▶ _The problem_: Word for word, copy the data that follows and skip its pictures.

Collection entries:
Start of Block

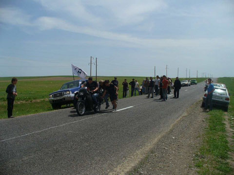 Звоним Марату Varadero - президенту чимкентского клуба байк-анархистов "Адреналин". Пробиваем у него маршрут через город на выезд в Алма-Ату, поняв, что на массовую покатуху по Шымкентским улицам мы уже опоздали... Марат говорит, что подсыпется к нам по дороге и мы въезжаем в Шымкент - улицы праздничные, чистые, светлые, украшенные какими-то буддийскими флажками-гирляндами. Медленно, по-чопперному, прошиваем город насквозь. Плетемся.... Уже на подъезде к выездному кольцу "налево пойдешь - в Ташкент попадешь! направо пойдешь - в Алма-Ату приедешь!" мы обнаруживаем где-то пятьдесят разномастных и разношерстных мотоциклов и их владельцев, а также кучку сочувствующей братвы на тачках!
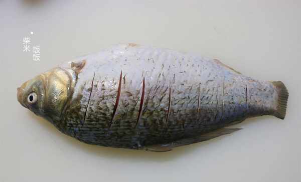 1,鲫鱼处理干净,两面切花刀,方便入味。
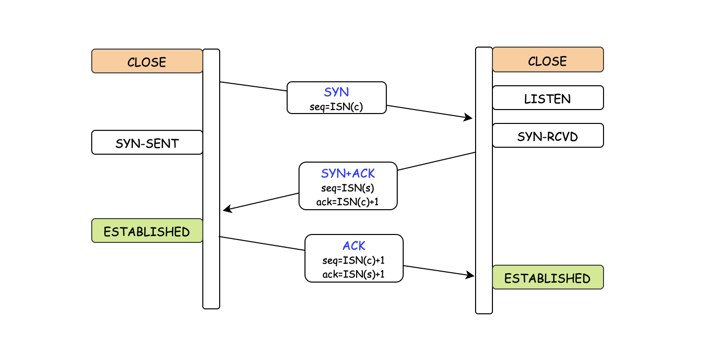 因此,在我们理解了几个术语的概念和含义之后, 让我们来看看三个握手过程。
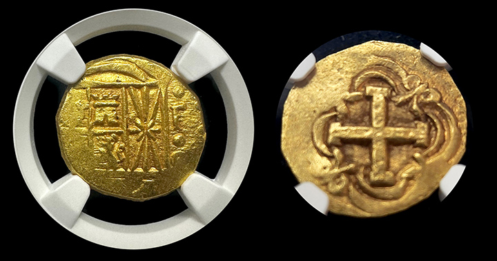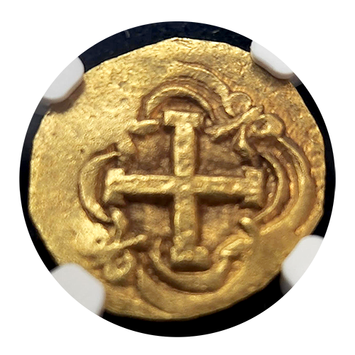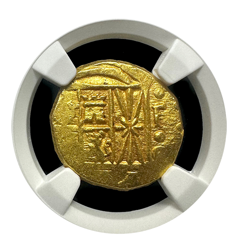 On the reverse, the prominent cross design is equally impressive, with its precise and clear lines adding to the coin’s aesthetic appeal. The well-centered and fully evident details of the reverse make this piece a standout example of Spanish colonial minting. The preservation of these intricate elements highlights the coin’s exceptional condition and historical significance.
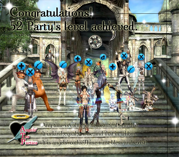 画像は去年のことになっちゃいますが、我が天使たちのお茶会党がついに党レベル52になったので、その記念に撮ったものです^^
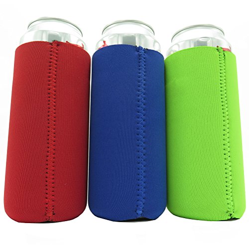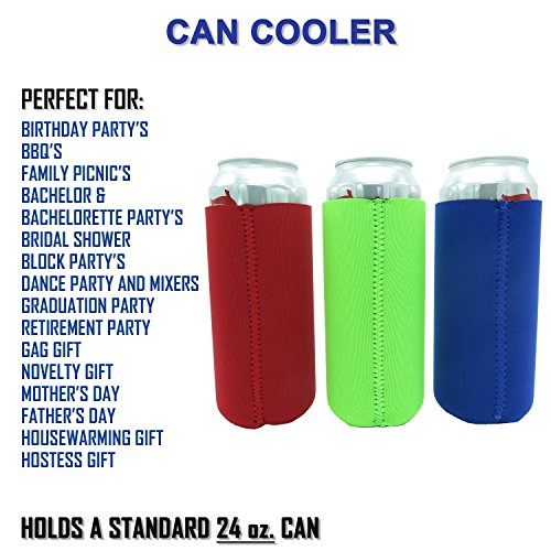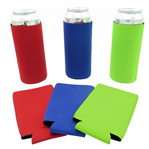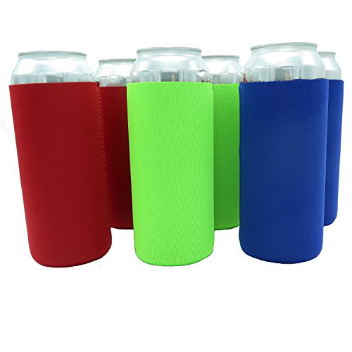 Beer Can Sleeves - Premium Set of 6 (Classic) 24 oz Collapsible Can Sleeves - Extra Thick Neoprene with Stitched Fabric Edges
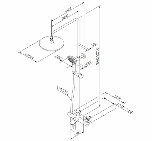 | Комплектация | ручной душ / верхний душ / смеситель / стойка / штанга / душевой шланг / крепление ручного душа |
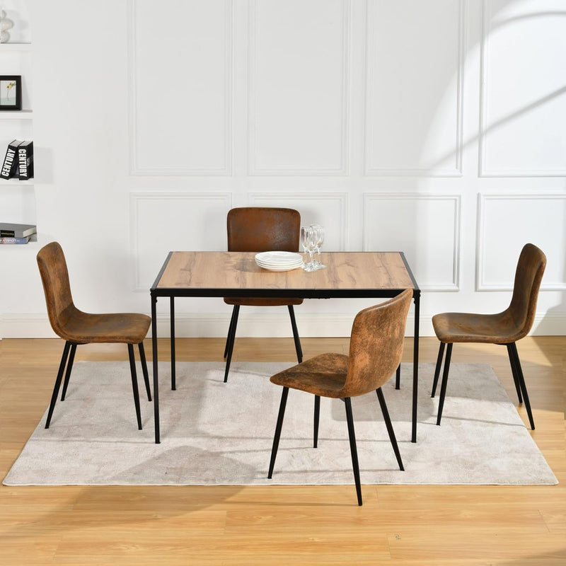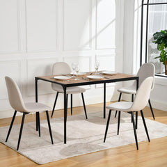 Améliorez votre espace salle à manger avec notre table à manger rectangulaire effet bois dotée de pieds en métal noir d'inspiration industrielle. Cette superbe pièce allie sans effort le charme rustique à l’élégance moderne, ce qui en fait la pièce maîtresse parfaite pour toute salle à manger. Fabriqué à partir de matériel de haute qualité, le plateau de table présente un grain riche et naturel qui ajoute de la chaleur et du caractère à votre espace. La surface lisse offre suffisamment d'espace pour manger et se divertir, pouvant accueillir confortablement 4 à 6 personnes.
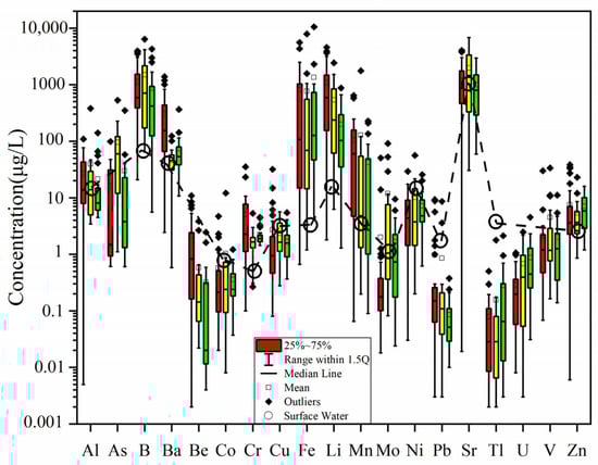 Trace-element concentrations in the water samples in the XSHF-XJF. The red color stands for the samples from the XSHF, yellow color for the samples from the AZF, and green color for the samples from the XJF. Surface water data are taken from the mean values of the content of the element.
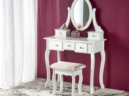 Masa de machiaj cu 2 sertare, oglinda si scaun POPRAD 100x160x45cm patina de pin/ maro miere
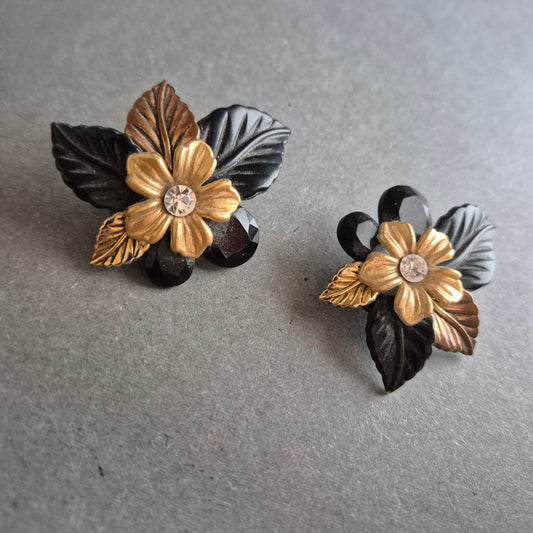 Vintage Clip-Ohrringe mit floralen Motiven – Schwarz-Goldener Retro-Charme
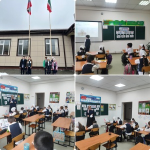 10 марта 2025 г. в нашей школе прошла торжественная линейка, которая началась с поднятия Государственных флагов РФ и ЧР и исполнении гимнов.
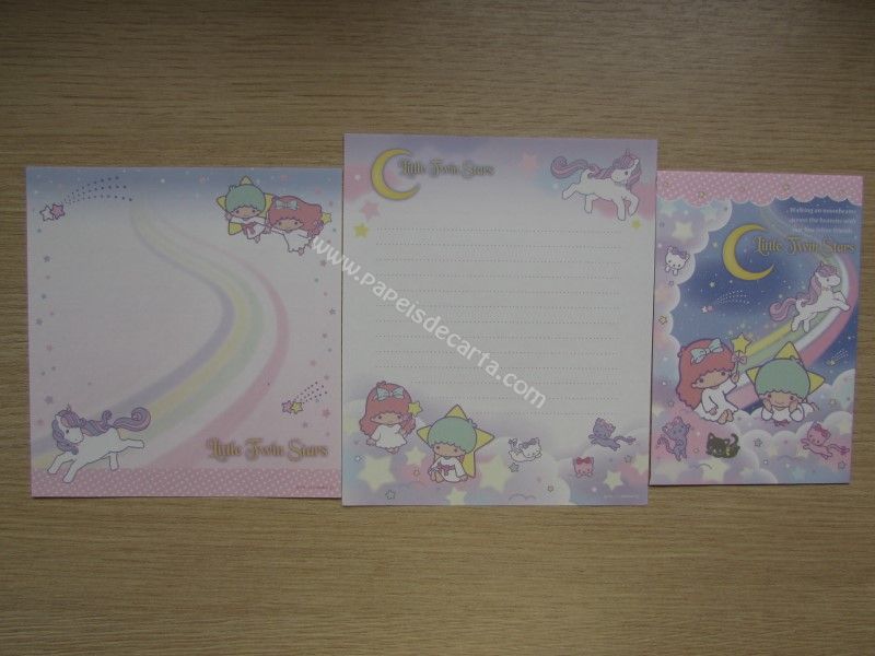 Conjunto importado de papel de carta dos Little Twin Stars, com 2 folhas diferentes e 1 envelope. Fabricante: Sanrio.
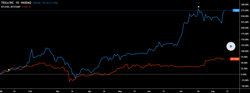 Magdalena Posted August 19, 2020 Posted August 19, 2020 Bitcoin-მა პოპულარობით გაუსწრო აშშ-ის წამყვან კომპანიებს და მხოლოდ Tesla-ს ჩამორჩება. ამას მოწმობს ფინანსური ანალიტიკური პორტალის, TradingView-ს მონაცემები. Tesla-ს კოტირებები გახდა ყველაზე ხშირად განხილვადი ივლისში 31 შტატში. Bitcoin-ი ყველაზე მეტად პოპულარული აღმოჩნდა კალიფორნიაში, ვაშინგტონსა და ორეგონში. განხილვების კუთხით მესამე ადგილი დაიკავა Boeing-ის აქციებმა. წლის დასაწყისიდან მოყოლებული, Tesla-ს აქციების ფასი 283%-ზე მეტით გაიზარდა იმ დროს, როდესაც Bitcoin-ის ფასმა მოიმატა 60 %-ით. წყარო: TradingView Apple, რომლის კოტირებები წლის დასაწყისიდან მოყოლებული გაიზარდა 53%-ით, ვერ გახდა ლიდერი ვერც ერთ შტატში. TradingView-ში აღნიშნავენ, რომ ტრეიდერებისა და ინვესტორების ინტერესი კომპანიის მიმართ მეტად დაბალია. Bitcoin-ის, როგორც ტრადიციული ფინანსური ინსტრუმენტის ალტერნატივის როლს, ბევრი ექსპერტი აღნიშნავს. ვენჩურული კომპანია Social Capital-ის დამფუძნებელმა BTC-ს უწოდა მსოფლიო ეკონომიკის ვარდნისგან დაზღვევა, Nasdaq-ზე კოტირებადმა კომპანია MicroStrategy-მ 250 მლნ აშშ დოლარი შეიტანა Bitcoin-ში. https://bit.ly/3g3OTRD Quote
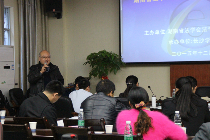 第三阶段的专题演讲由湘潭大学法学院副院长、博士生导师吴勇教授和湖南工业大学法学院院长刘康复教授主持。来自长沙学院、湖南大学、湘潭大学、湖南师范大学、湘南学院等高校的专家学者分别围绕"'MOOC'背景下法学课程教学模式的重构"、"法律专业实践教学的'漾翅模式'"等专题进行了演讲,由湖南省法学会法学教育研究会副会长孙长坪教授、国防科大朱道坤博士进行与谈。
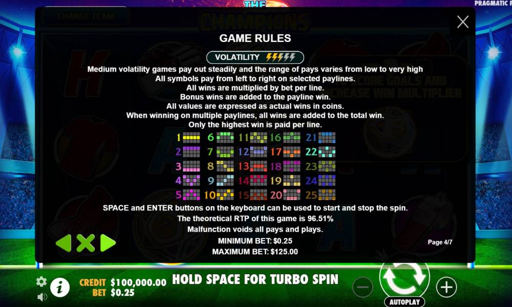 The Champions 5-reel slot machine has twenty-five active lanes. Their number is constant.

End of Block

▶ _Solution below_:
 Звоним Марату Varadero - президенту чимкентского клуба байк-анархистов "Адреналин". Пробиваем у него маршрут через город на выезд в Алма-Ату, поняв, что на массовую покатуху по Шымкентским улицам мы уже опоздали... Марат говорит, что подсыпется к нам по дороге и мы въезжаем в Шымкент - улицы праздничные, чистые, светлые, украшенные какими-то буддийскими флажками-гирляндами. Медленно, по-чопперному, прошиваем город насквозь. Плетемся.... Уже на подъезде к выездному кольцу "налево пойдешь - в Ташкент попадешь! направо пойдешь - в Алма-Ату приедешь!" мы обнаруживаем где-то пятьдесят разномастных и разношерстных мотоциклов и их владельцев, а также кучку сочувствующей братвы на тачках!
 1,鲫鱼处理干净,两面切花刀,方便入味。
 因此,在我们理解了几个术语的概念和含义之后, 让我们来看看三个握手过程。
 On the reverse, the prominent cross design is equally impressive, with its precise and clear lines adding to the coin’s aesthetic appeal. The well-centered and fully evident details of the reverse make this piece a standout example of Spanish colonial minting. The preservation of these intricate elements highlights the coin’s exceptional condition and historical significance.
 画像は去年のことになっちゃいますが、我が天使たちのお茶会党がついに党レベル52になったので、その記念に撮ったものです^^
 Beer Can Sleeves - Premium Set of 6 (Classic) 24 oz Collapsible Can Sleeves - Extra Thick Neoprene with Stitched Fabric Edges
 | Комплектация | ручной душ / верхний душ / смеситель / стойка / штанга / душевой шланг / крепление ручного душа |
 Améliorez votre espace salle à manger avec notre table à manger rectangulaire effet bois dotée de pieds en métal noir d'inspiration industrielle. Cette superbe pièce allie sans effort le charme rustique à l’élégance moderne, ce qui en fait la pièce maîtresse parfaite pour toute salle à manger. Fabriqué à partir de matériel de haute qualité, le plateau de table présente un grain riche et naturel qui ajoute de la chaleur et du caractère à votre espace. La surface lisse offre suffisamment d'espace pour manger et se divertir, pouvant accueillir confortablement 4 à 6 personnes.
 Trace-element concentrations in the water samples in the XSHF-XJF. The red color stands for the samples from the XSHF, yellow color for the samples from the AZF, and green color for the samples from the XJF. Surface water data are taken from the mean values of the content of the element.
 Masa de machiaj cu 2 sertare, oglinda si scaun POPRAD 100x160x45cm patina de pin/ maro miere
 Vintage Clip-Ohrringe mit floralen Motiven – Schwarz-Goldener Retro-Charme
 10 марта 2025 г. в нашей школе прошла торжественная линейка, которая началась с поднятия Государственных флагов РФ и ЧР и исполнении гимнов.
 Conjunto importado de papel de carta dos Little Twin Stars, com 2 folhas diferentes e 1 envelope. Fabricante: Sanrio.
 Magdalena Posted August 19, 2020 Posted August 19, 2020 Bitcoin-მა პოპულარობით გაუსწრო აშშ-ის წამყვან კომპანიებს და მხოლოდ Tesla-ს ჩამორჩება. ამას მოწმობს ფინანსური ანალიტიკური პორტალის, TradingView-ს მონაცემები. Tesla-ს კოტირებები გახდა ყველაზე ხშირად განხილვადი ივლისში 31 შტატში. Bitcoin-ი ყველაზე მეტად პოპულარული აღმოჩნდა კალიფორნიაში, ვაშინგტონსა და ორეგონში. განხილვების კუთხით მესამე ადგილი დაიკავა Boeing-ის აქციებმა. წლის დასაწყისიდან მოყოლებული, Tesla-ს აქციების ფასი 283%-ზე მეტით გაიზარდა იმ დროს, როდესაც Bitcoin-ის ფასმა მოიმატა 60 %-ით. წყარო: TradingView Apple, რომლის კოტირებები წლის დასაწყისიდან მოყოლებული გაიზარდა 53%-ით, ვერ გახდა ლიდერი ვერც ერთ შტატში. TradingView-ში აღნიშნავენ, რომ ტრეიდერებისა და ინვესტორების ინტერესი კომპანიის მიმართ მეტად დაბალია. Bitcoin-ის, როგორც ტრადიციული ფინანსური ინსტრუმენტის ალტერნატივის როლს, ბევრი ექსპერტი აღნიშნავს. ვენჩურული კომპანია Social Capital-ის დამფუძნებელმა BTC-ს უწოდა მსოფლიო ეკონომიკის ვარდნისგან დაზღვევა, Nasdaq-ზე კოტირებადმა კომპანია MicroStrategy-მ 250 მლნ აშშ დოლარი შეიტანა Bitcoin-ში. https://bit.ly/3g3OTRD Quote
 第三阶段的专题演讲由湘潭大学法学院副院长、博士生导师吴勇教授和湖南工业大学法学院院长刘康复教授主持。来自长沙学院、湖南大学、湘潭大学、湖南师范大学、湘南学院等高校的专家学者分别围绕"'MOOC'背景下法学课程教学模式的重构"、"法律专业实践教学的'漾翅模式'"等专题进行了演讲,由湖南省法学会法学教育研究会副会长孙长坪教授、国防科大朱道坤博士进行与谈。
 The Champions 5-reel slot machine has twenty-five active lanes. Their number is constant.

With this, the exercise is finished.